> [Instructions to follow] No pictures belong in the copy. Set down exactly the lines from the one that contains "These OHMINT nylon" through the end of the data.

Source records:
════════════════
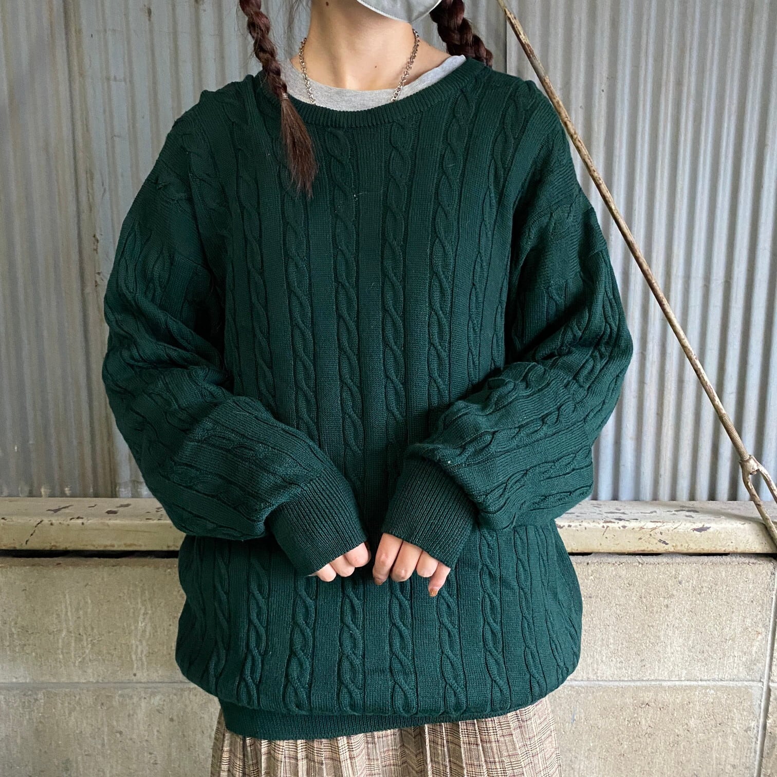 スコットランド製 80年代 Pringle プリングル ラムズウール ニットセーター メンズXL相当 古着 ケーブル編み ヴィンテージ 80s ビンテージ グリーン 緑色 【ニットセーター】【SS2401-30】
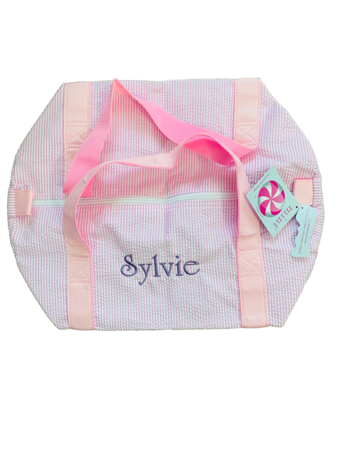 These OHMINT nylon duffles are  big enough for an overnight bag and it's even cuter with a monogram. Great for sleepovers, gym or ballet bags and more. Makes a perfect gift for a baby.
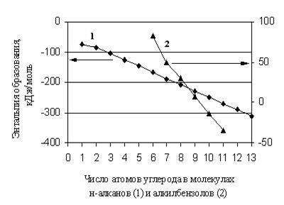 Рис. 1.1. Зависимость энтальпии образования н-алканов и алкил бензолов от числа атомов углерода в их молекулах
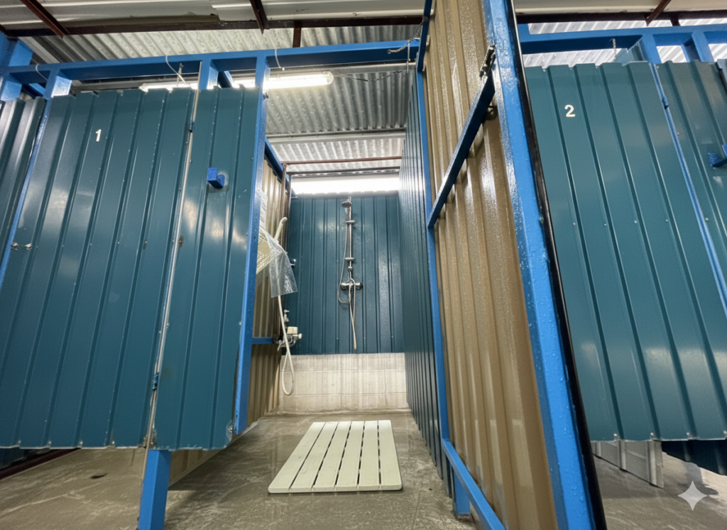 温水シャワー&アメニティ完備 冷たい水でサッと流すだけ…なんてことはさせません!
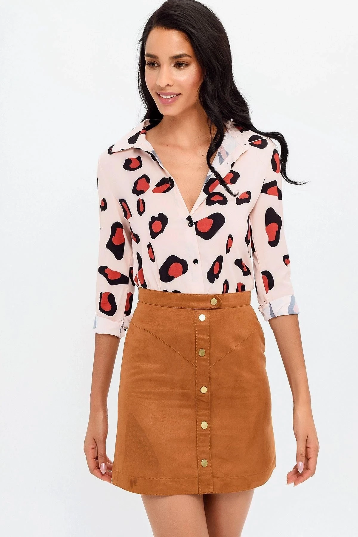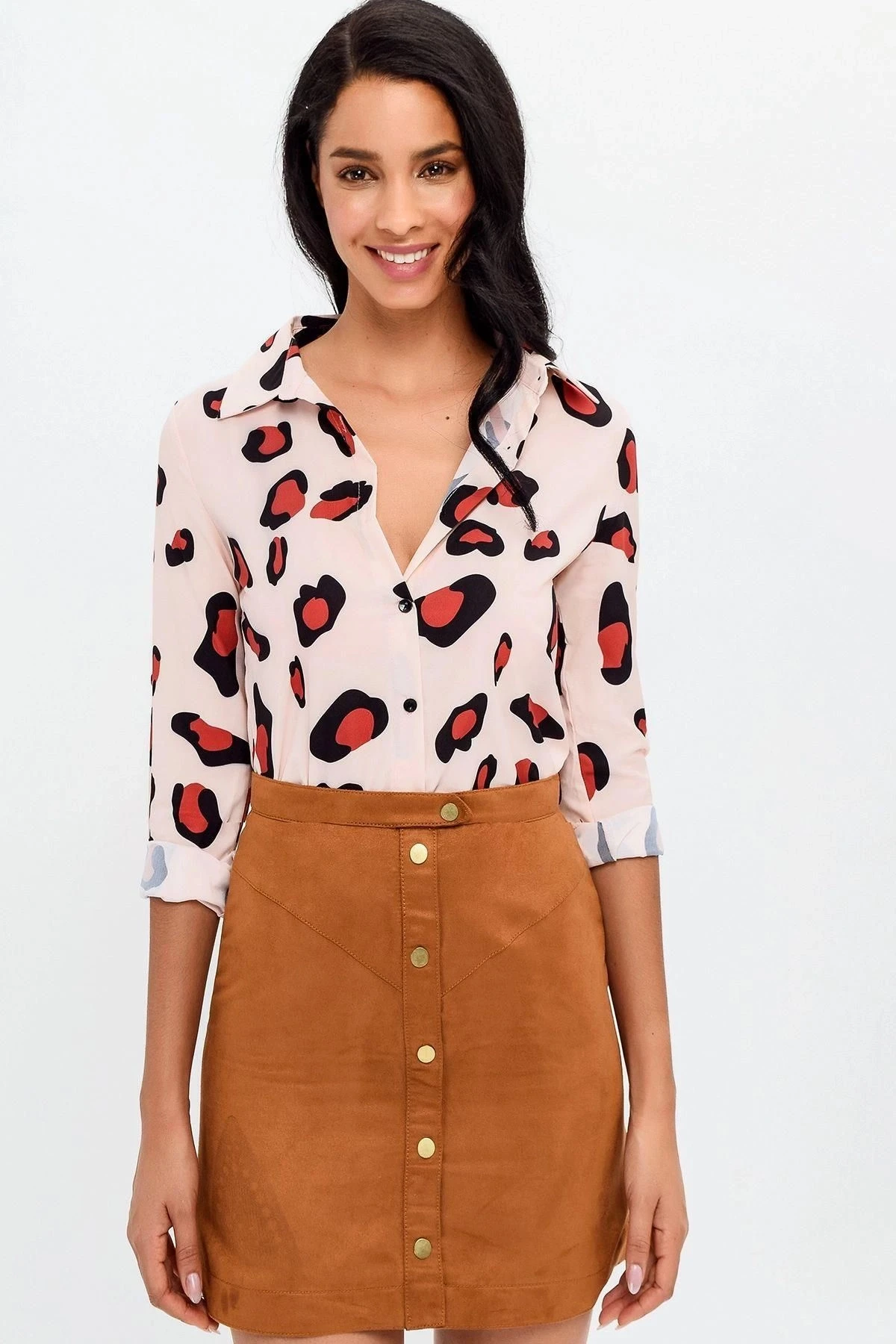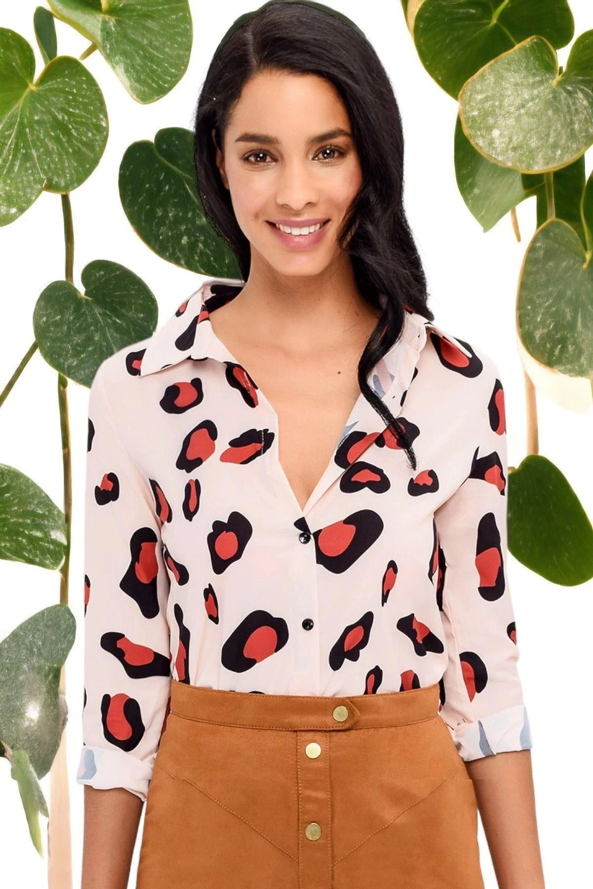 Kadın Ekru Leopar Desenli, Klasik Yaka, Uzun Kol, Regular Kesim, Standart Boy Gömlek
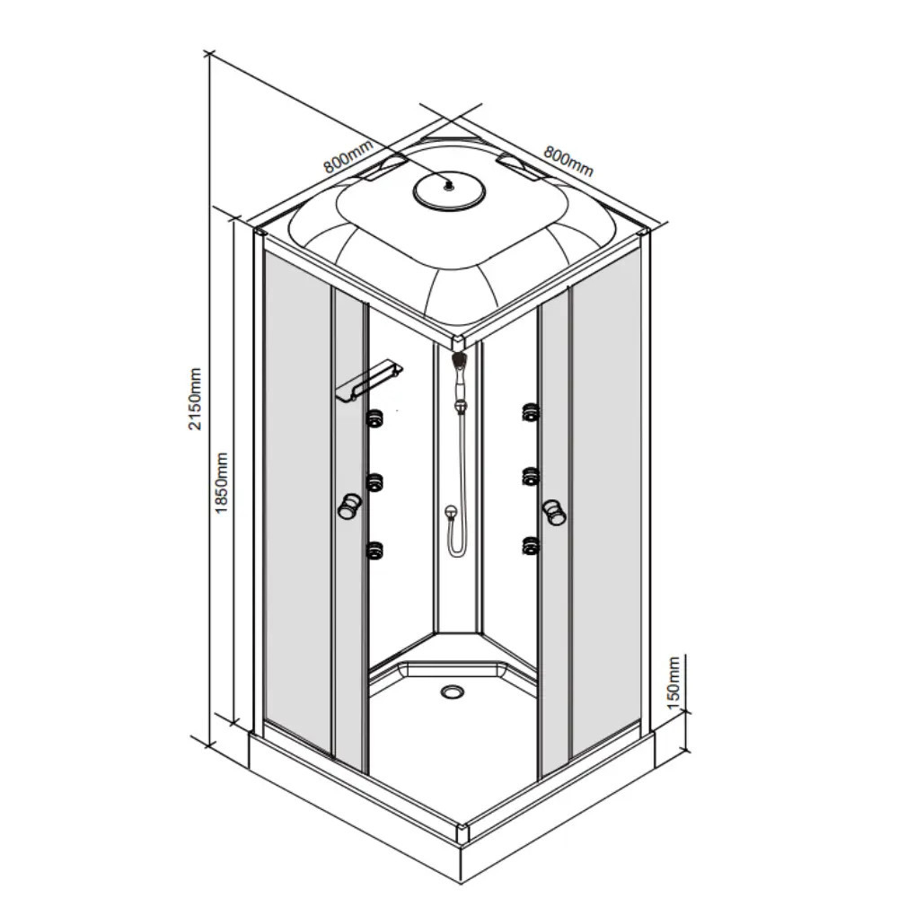 Leziter Cabină de duș pătrată cu hidromasaj Valerie 80x80 cm
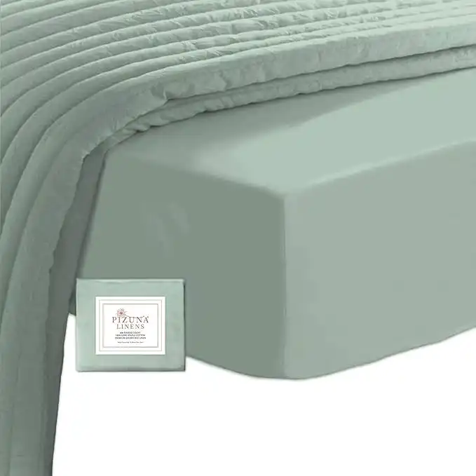 amazon.aePizuna Pure Combed Cotton Queen Fitted Sheet 160x200 cm Sage, 400 Thread Count Cool Luxury Soft 100% Long Staple Cotton Sateen Weave, 40cm Deep Pocket Bedsheet (Fitted Sheet -1PC)
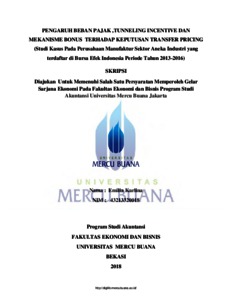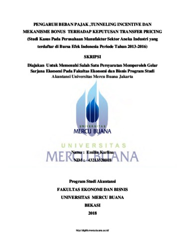 KARLINA, EMILIA (2018) PENGARUH BEBAN PAJAK ,TUNNELING INCENTIVE DAN MEKANISME BONUS TERHADAP KEPUTUSAN TRANSFER PRICING (Studi Kasus Pada Perusahaan Manufaktur Sektor Aneka Industri yang terdaftar di Bursa Efek Indonesia Periode Tahun 2013-2016). S1 thesis, UNIVERISTAS MERCU BUANA - BUNCIT.
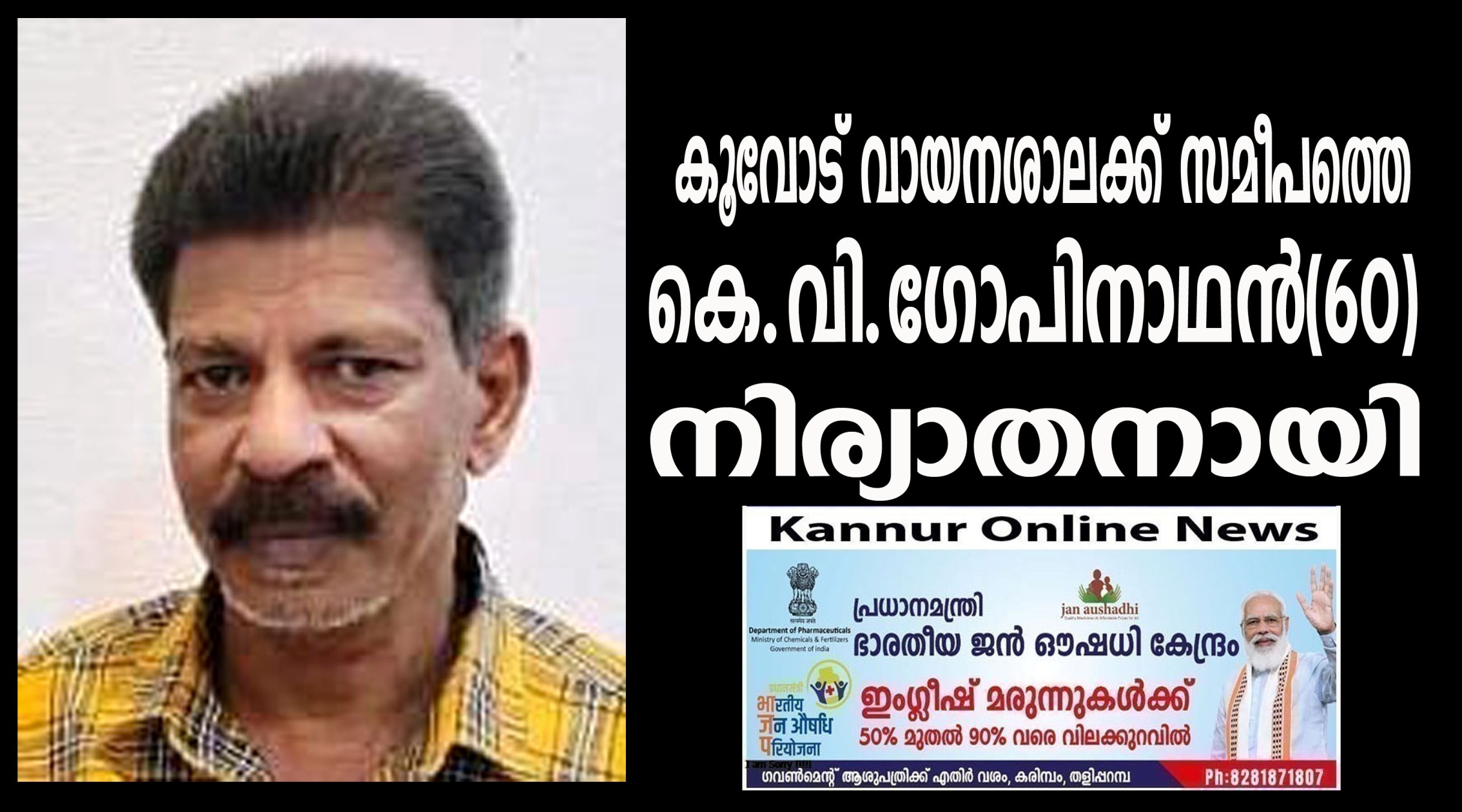 തളിപ്പറമ്പ്: കൂവോട് വായനശാലക്ക് സമീപത്തെ കെ.വി.ഗോപിനാഥന്(60)നിര്യാതനായി.
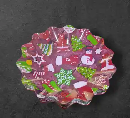 Plato navideño en forma de copo de Nieve con formas navideñas 27x27
════════════════
> [Task solution]
 These OHMINT nylon duffles are  big enough for an overnight bag and it's even cuter with a monogram. Great for sleepovers, gym or ballet bags and more. Makes a perfect gift for a baby.
 Рис. 1.1. Зависимость энтальпии образования н-алканов и алкил бензолов от числа атомов углерода в их молекулах
 温水シャワー&アメニティ完備 冷たい水でサッと流すだけ…なんてことはさせません!
 Kadın Ekru Leopar Desenli, Klasik Yaka, Uzun Kol, Regular Kesim, Standart Boy Gömlek
 Leziter Cabină de duș pătrată cu hidromasaj Valerie 80x80 cm
 amazon.aePizuna Pure Combed Cotton Queen Fitted Sheet 160x200 cm Sage, 400 Thread Count Cool Luxury Soft 100% Long Staple Cotton Sateen Weave, 40cm Deep Pocket Bedsheet (Fitted Sheet -1PC)
 KARLINA, EMILIA (2018) PENGARUH BEBAN PAJAK ,TUNNELING INCENTIVE DAN MEKANISME BONUS TERHADAP KEPUTUSAN TRANSFER PRICING (Studi Kasus Pada Perusahaan Manufaktur Sektor Aneka Industri yang terdaftar di Bursa Efek Indonesia Periode Tahun 2013-2016). S1 thesis, UNIVERISTAS MERCU BUANA - BUNCIT.
 തളിപ്പറമ്പ്: കൂവോട് വായനശാലക്ക് സമീപത്തെ കെ.വി.ഗോപിനാഥന്(60)നിര്യാതനായി.
 Plato navideño en forma de copo de Nieve con formas navideñas 27x27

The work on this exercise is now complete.